The principles are intended to support and challenge the future development of PBL through a value-based approach that actively engages with the opportunities offered by digital technology.

The principles

  1. 1

    VARIATION

    Variation as a principle challenges and extends existing PBL praxis. Variation, understood as both within and beyond the different levels of the programmes, aims to ensure that students experience a wide variation in teaching and project work throughout the programme. The principle proposes that study leaders, study boards, coordinators, lecturers and students consider variation as an essential principle in the organisation and practice of education and teaching. Students are motivated and learn in different ways, so variation can benefit all students through multiple approaches to learning, teaching and education. In this context, the digital can help widen the scope of educational opportunities and support variation as a principle at multiple levels of practice.

  2. 2

    COLLABORATION AND OPENNESS

    Digital technologies enable new types of collaborations that go beyond the individual course or project work, and where it is easier to open up for other stakeholders, a larger number of participants, create cross-collaborations or incorporate entirely new forms of collaboration.

  3. 3

    CO-DETERMINATION AND EMPOWERMENT

    Co-determination and empowerment are central parts of the educational model in a PBL-based educational institution, and can be understood from the student's perspective as involvement and engagement in their own educational choices and processes. In problem-oriented project work, this is realised through the fundamental principle of participatory project management. Digital technologies can support empowerment and help increase student participation beyond project work.

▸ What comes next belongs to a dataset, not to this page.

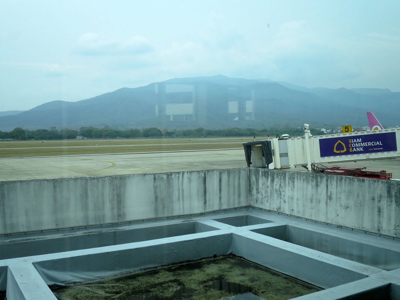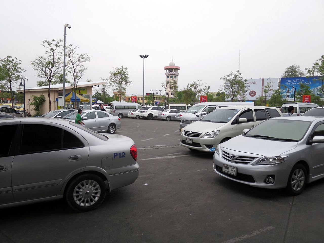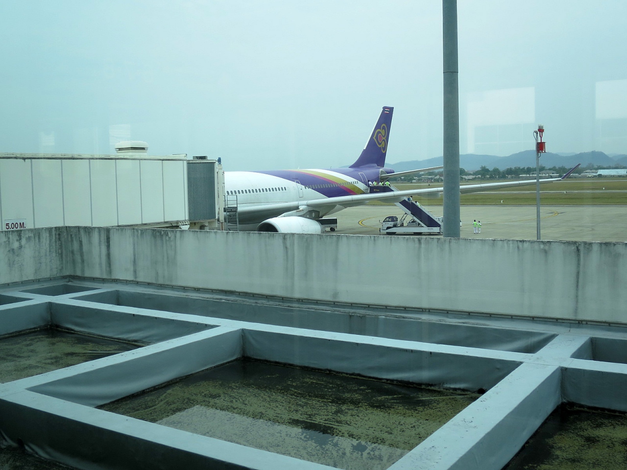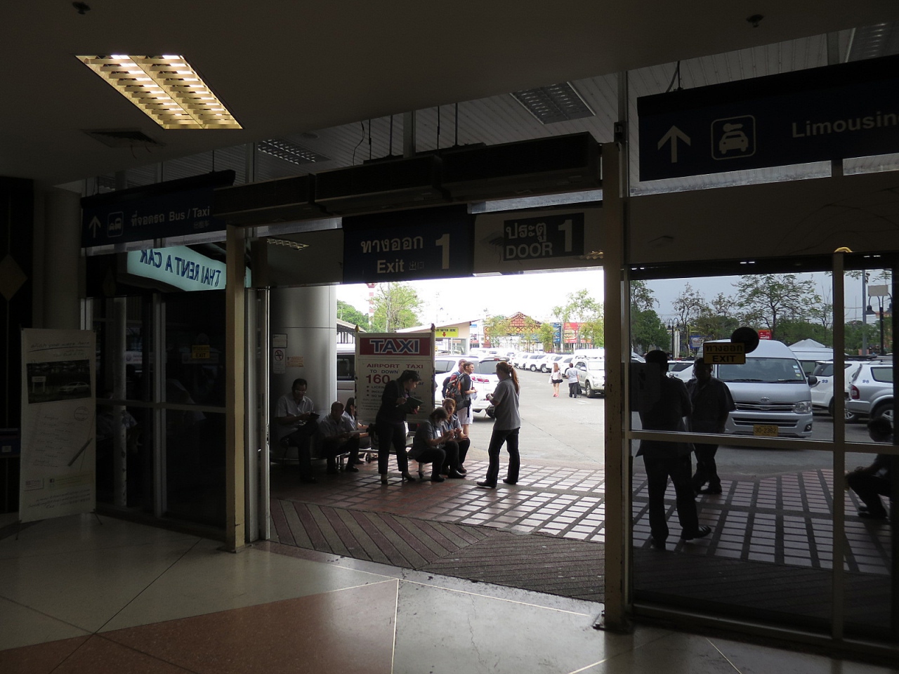 バンコクからタイ国際航空を利用してチェンマイ国際空港に到着しました。到着スポットから出口に向かう通路からはドイステープが見られ、「チェンマイに着いたなぁ」との実感がわきます。タイ屈指の観光地のチェンマイですからフライトも多いのですが、空港ターミナルは小ぶりで、預け入れた手荷物を受け取るターンテーブルも3台のみですから、混みあうこともあるでしょうね。手荷物受取場に着くと、右手には各種パンフレットの置かれたスペース、トイレ前には携帯電話の無料SIMを配布するテーブル、またメータータクシーとエアポートタクシーの窓口があり、そちらで手続きをしてバウチャーをもらうこともできますが、窓口は受取場の外にも開けていますので、そちら側でも手続きができます。さて荷物を受け取って制限区域を出ると、左手には先ほどのタクシーの窓口があり、そこから目と鼻の先が空港出口で、そこは駐車場にもなっています。その空港出口にはエアポートタクシーのお姉さんが待ち構えており、そのお姉さんに行先を告げると、乗車タクシーが指定され、そのタクシーの運転手に車まで案内されます。エアポートタクシー駐車場の奥がメータータクシーの駐車スペースで、そちらを利用する人は、そこまで自分で歩いて行くことになります。

They can enable larger and more active learning communities, involving both students and lecturers within each programme, but also across programmes.

    Participation in such learning communities has the potential to provide students with what is perceived as a more engaging study environment, where shared academic interests take centre stage and where closer communication and relationships between lecturers and students can enhance student empowerment.

  4. 4

    INCLUSION

    Inclusive study environments with an equal, appreciative and respectful culture are a high priority and play an essential role in good student life. Digital technologies can help to support inclusion efforts through a conscious focus on accessibility, diversity and flexibility. The principle aims to make learning and teaching activities accessible to all students, but also
    to ensure that each student feels able to participate according to their individual abilities.

    A conscious focus on meeting different needs in the course teaching itself, in a semester or in the organisation of a programme can help to create better participation opportunities for students with diverse backgrounds.